* Directions
Carry none of the pictures over; write out the complete data exactly.

=== Material supplied ===

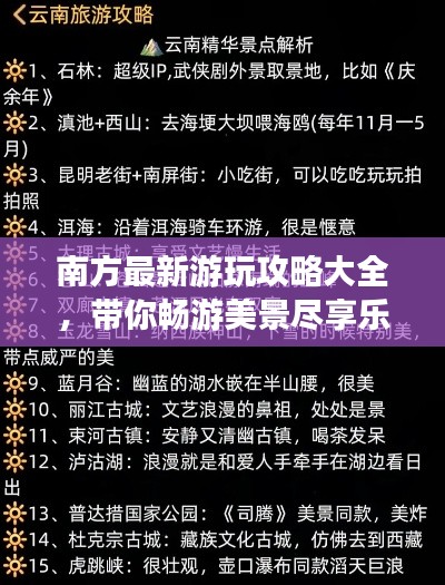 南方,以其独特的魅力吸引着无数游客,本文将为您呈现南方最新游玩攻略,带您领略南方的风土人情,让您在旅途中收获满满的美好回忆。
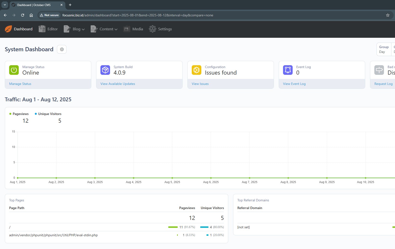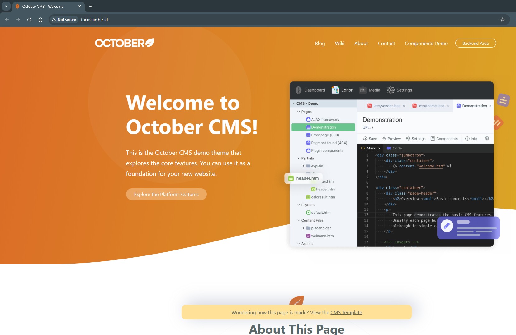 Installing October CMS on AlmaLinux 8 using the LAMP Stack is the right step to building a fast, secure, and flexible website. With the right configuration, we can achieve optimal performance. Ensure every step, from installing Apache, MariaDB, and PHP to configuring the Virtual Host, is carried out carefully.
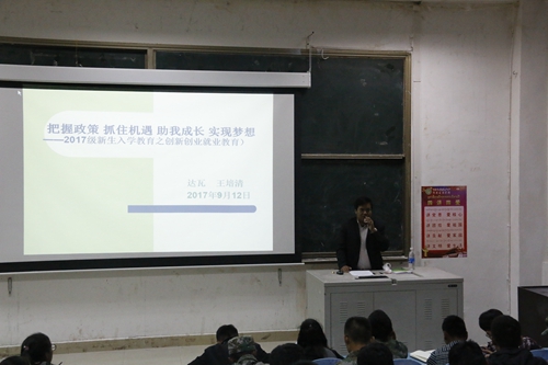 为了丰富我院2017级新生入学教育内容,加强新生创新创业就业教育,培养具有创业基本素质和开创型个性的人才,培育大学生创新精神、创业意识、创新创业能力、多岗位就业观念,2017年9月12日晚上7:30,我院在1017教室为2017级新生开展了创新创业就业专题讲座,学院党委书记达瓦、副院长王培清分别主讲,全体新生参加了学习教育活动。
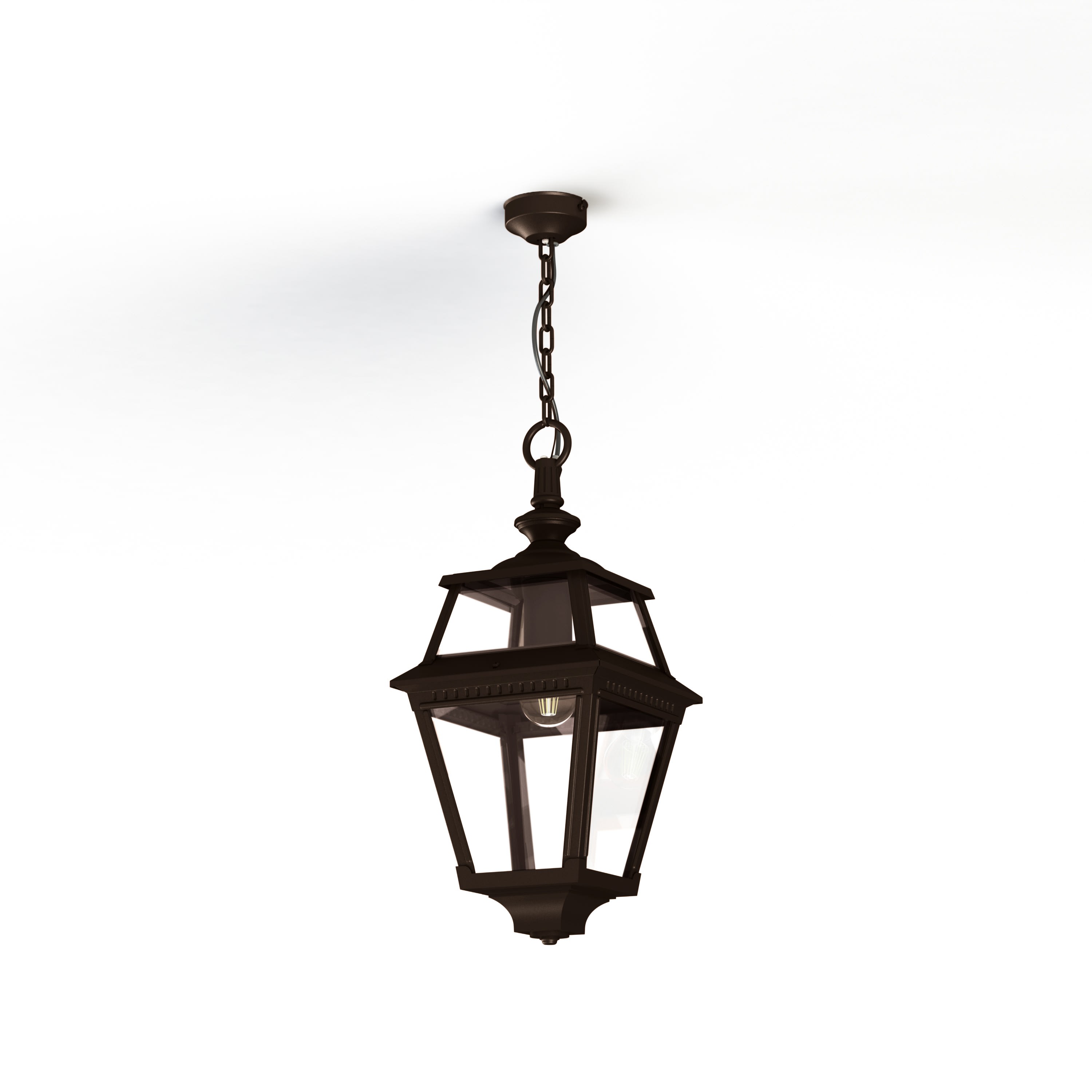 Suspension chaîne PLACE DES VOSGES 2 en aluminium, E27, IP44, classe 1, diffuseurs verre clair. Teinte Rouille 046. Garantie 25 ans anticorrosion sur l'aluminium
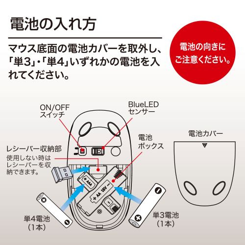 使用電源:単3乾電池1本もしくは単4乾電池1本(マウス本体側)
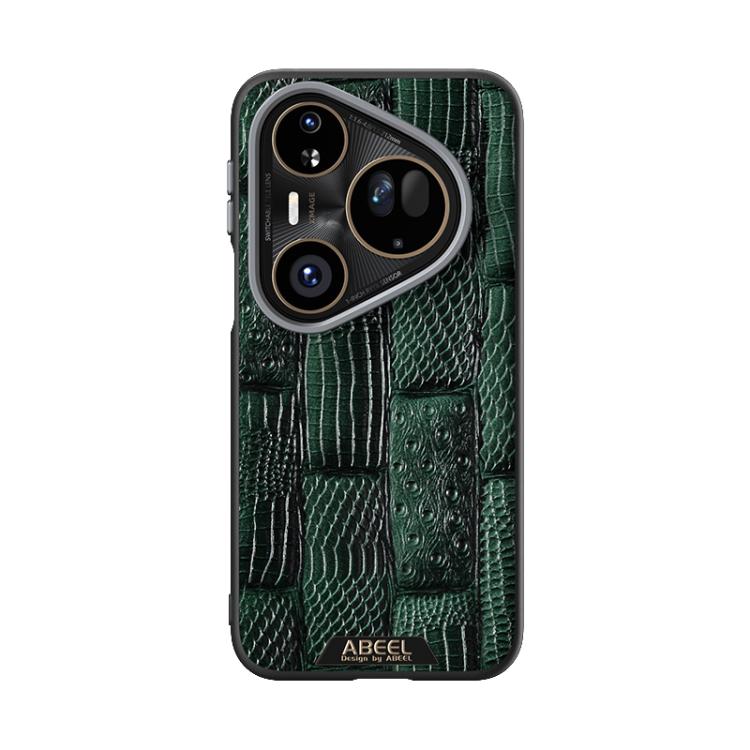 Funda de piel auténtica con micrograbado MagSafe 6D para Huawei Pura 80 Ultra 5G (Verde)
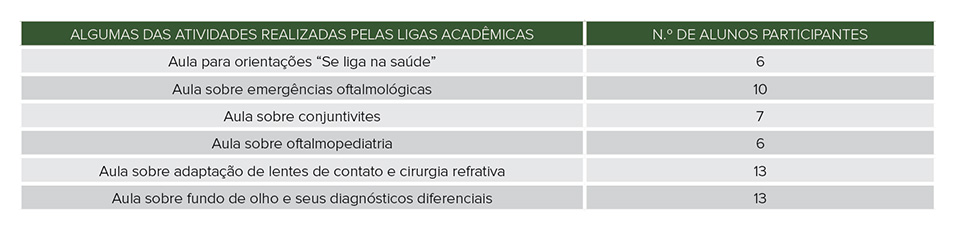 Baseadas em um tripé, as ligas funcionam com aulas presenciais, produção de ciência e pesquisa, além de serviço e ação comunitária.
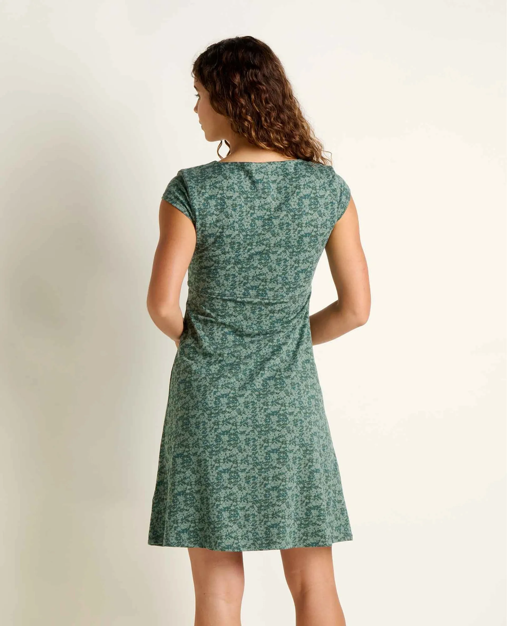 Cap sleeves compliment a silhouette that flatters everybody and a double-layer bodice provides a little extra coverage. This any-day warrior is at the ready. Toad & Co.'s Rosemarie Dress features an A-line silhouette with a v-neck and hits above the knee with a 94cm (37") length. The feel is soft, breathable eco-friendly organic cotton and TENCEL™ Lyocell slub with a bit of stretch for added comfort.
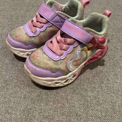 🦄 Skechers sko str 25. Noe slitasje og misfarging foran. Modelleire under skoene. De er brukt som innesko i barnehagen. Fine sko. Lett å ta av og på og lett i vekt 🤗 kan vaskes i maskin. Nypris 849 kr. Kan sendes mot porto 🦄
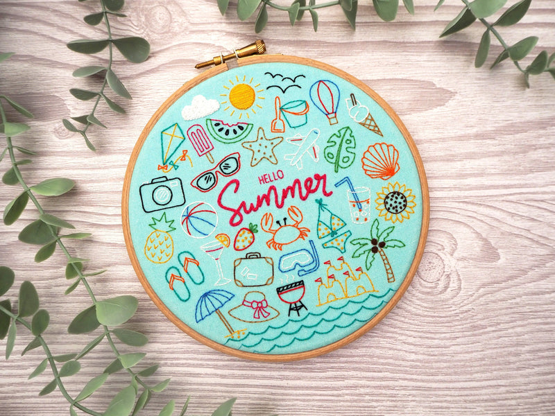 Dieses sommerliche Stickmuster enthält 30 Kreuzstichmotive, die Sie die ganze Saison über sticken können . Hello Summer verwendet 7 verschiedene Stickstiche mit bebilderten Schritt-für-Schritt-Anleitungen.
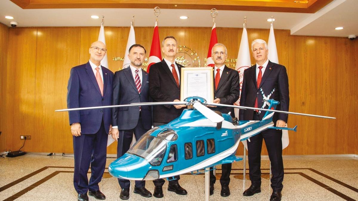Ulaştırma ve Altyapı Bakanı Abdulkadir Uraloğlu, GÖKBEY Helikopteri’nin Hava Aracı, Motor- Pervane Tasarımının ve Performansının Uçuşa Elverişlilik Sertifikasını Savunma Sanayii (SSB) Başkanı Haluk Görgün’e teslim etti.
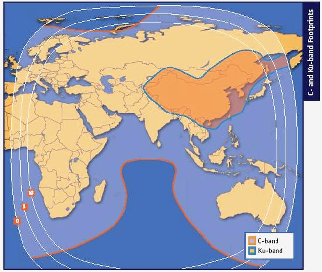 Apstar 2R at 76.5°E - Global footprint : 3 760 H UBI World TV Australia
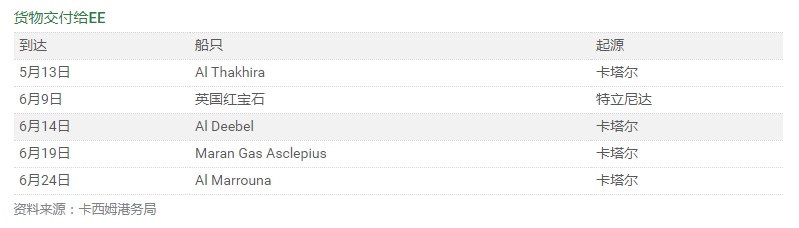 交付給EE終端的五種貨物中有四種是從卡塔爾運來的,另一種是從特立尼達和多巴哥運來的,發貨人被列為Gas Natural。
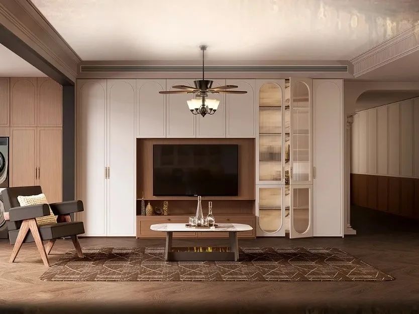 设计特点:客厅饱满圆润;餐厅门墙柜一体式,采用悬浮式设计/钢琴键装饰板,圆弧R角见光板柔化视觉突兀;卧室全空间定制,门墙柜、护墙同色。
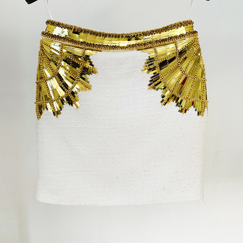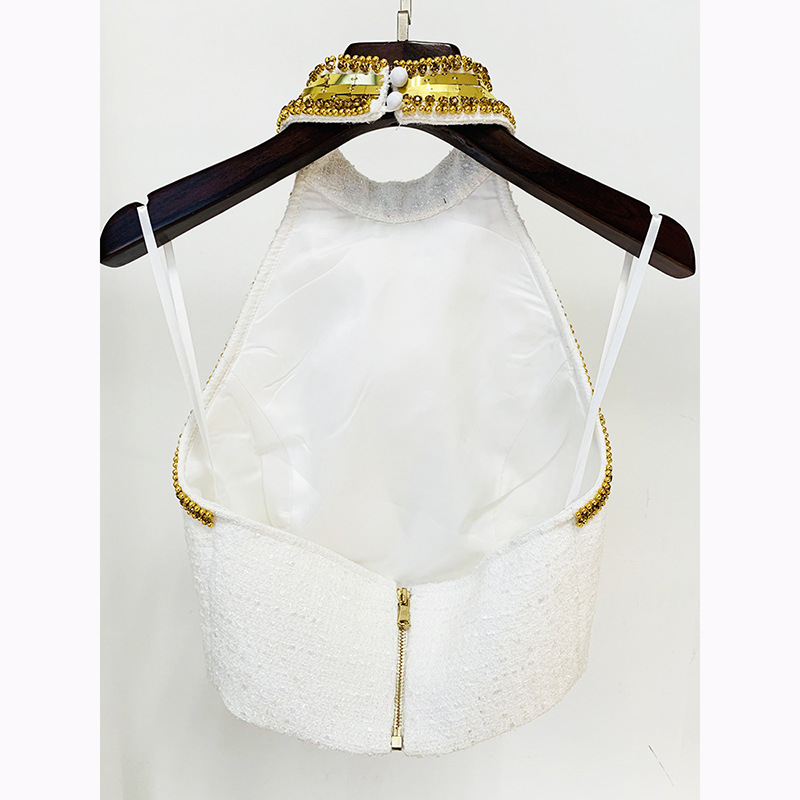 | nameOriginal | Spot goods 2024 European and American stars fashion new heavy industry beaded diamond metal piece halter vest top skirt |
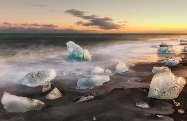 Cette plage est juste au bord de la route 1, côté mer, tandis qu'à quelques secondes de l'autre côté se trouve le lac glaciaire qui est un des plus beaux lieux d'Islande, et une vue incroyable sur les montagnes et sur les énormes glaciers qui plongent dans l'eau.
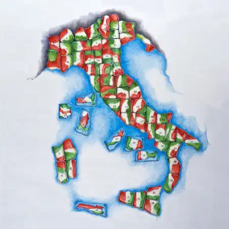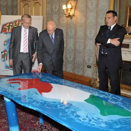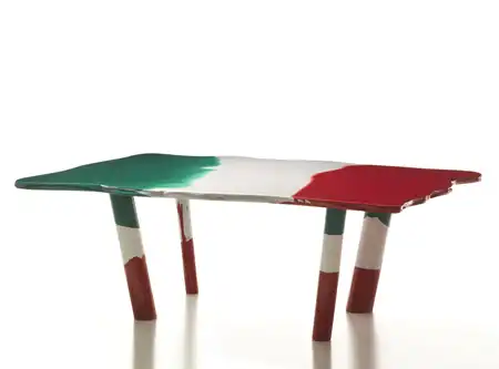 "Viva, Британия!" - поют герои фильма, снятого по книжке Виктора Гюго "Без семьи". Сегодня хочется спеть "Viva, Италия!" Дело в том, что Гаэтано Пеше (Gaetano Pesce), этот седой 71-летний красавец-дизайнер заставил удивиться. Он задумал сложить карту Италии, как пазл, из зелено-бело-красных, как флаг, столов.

===

* Result of the task
 南方,以其独特的魅力吸引着无数游客,本文将为您呈现南方最新游玩攻略,带您领略南方的风土人情,让您在旅途中收获满满的美好回忆。
 Installing October CMS on AlmaLinux 8 using the LAMP Stack is the right step to building a fast, secure, and flexible website. With the right configuration, we can achieve optimal performance. Ensure every step, from installing Apache, MariaDB, and PHP to configuring the Virtual Host, is carried out carefully.
 为了丰富我院2017级新生入学教育内容,加强新生创新创业就业教育,培养具有创业基本素质和开创型个性的人才,培育大学生创新精神、创业意识、创新创业能力、多岗位就业观念,2017年9月12日晚上7:30,我院在1017教室为2017级新生开展了创新创业就业专题讲座,学院党委书记达瓦、副院长王培清分别主讲,全体新生参加了学习教育活动。
 Suspension chaîne PLACE DES VOSGES 2 en aluminium, E27, IP44, classe 1, diffuseurs verre clair. Teinte Rouille 046. Garantie 25 ans anticorrosion sur l'aluminium
 使用電源:単3乾電池1本もしくは単4乾電池1本(マウス本体側)
 Funda de piel auténtica con micrograbado MagSafe 6D para Huawei Pura 80 Ultra 5G (Verde)
 Baseadas em um tripé, as ligas funcionam com aulas presenciais, produção de ciência e pesquisa, além de serviço e ação comunitária.
 Cap sleeves compliment a silhouette that flatters everybody and a double-layer bodice provides a little extra coverage. This any-day warrior is at the ready. Toad & Co.'s Rosemarie Dress features an A-line silhouette with a v-neck and hits above the knee with a 94cm (37") length. The feel is soft, breathable eco-friendly organic cotton and TENCEL™ Lyocell slub with a bit of stretch for added comfort.
 🦄 Skechers sko str 25. Noe slitasje og misfarging foran. Modelleire under skoene. De er brukt som innesko i barnehagen. Fine sko. Lett å ta av og på og lett i vekt 🤗 kan vaskes i maskin. Nypris 849 kr. Kan sendes mot porto 🦄
 Dieses sommerliche Stickmuster enthält 30 Kreuzstichmotive, die Sie die ganze Saison über sticken können . Hello Summer verwendet 7 verschiedene Stickstiche mit bebilderten Schritt-für-Schritt-Anleitungen.
Ulaştırma ve Altyapı Bakanı Abdulkadir Uraloğlu, GÖKBEY Helikopteri’nin Hava Aracı, Motor- Pervane Tasarımının ve Performansının Uçuşa Elverişlilik Sertifikasını Savunma Sanayii (SSB) Başkanı Haluk Görgün’e teslim etti.
 Apstar 2R at 76.5°E - Global footprint : 3 760 H UBI World TV Australia
 交付給EE終端的五種貨物中有四種是從卡塔爾運來的,另一種是從特立尼達和多巴哥運來的,發貨人被列為Gas Natural。
 设计特点:客厅饱满圆润;餐厅门墙柜一体式,采用悬浮式设计/钢琴键装饰板,圆弧R角见光板柔化视觉突兀;卧室全空间定制,门墙柜、护墙同色。
 | nameOriginal | Spot goods 2024 European and American stars fashion new heavy industry beaded diamond metal piece halter vest top skirt |
 Cette plage est juste au bord de la route 1, côté mer, tandis qu'à quelques secondes de l'autre côté se trouve le lac glaciaire qui est un des plus beaux lieux d'Islande, et une vue incroyable sur les montagnes et sur les énormes glaciers qui plongent dans l'eau.
 "Viva, Британия!" - поют герои фильма, снятого по книжке Виктора Гюго "Без семьи". Сегодня хочется спеть "Viva, Италия!" Дело в том, что Гаэтано Пеше (Gaetano Pesce), этот седой 71-летний красавец-дизайнер заставил удивиться. Он задумал сложить карту Италии, как пазл, из зелено-бело-красных, как флаг, столов.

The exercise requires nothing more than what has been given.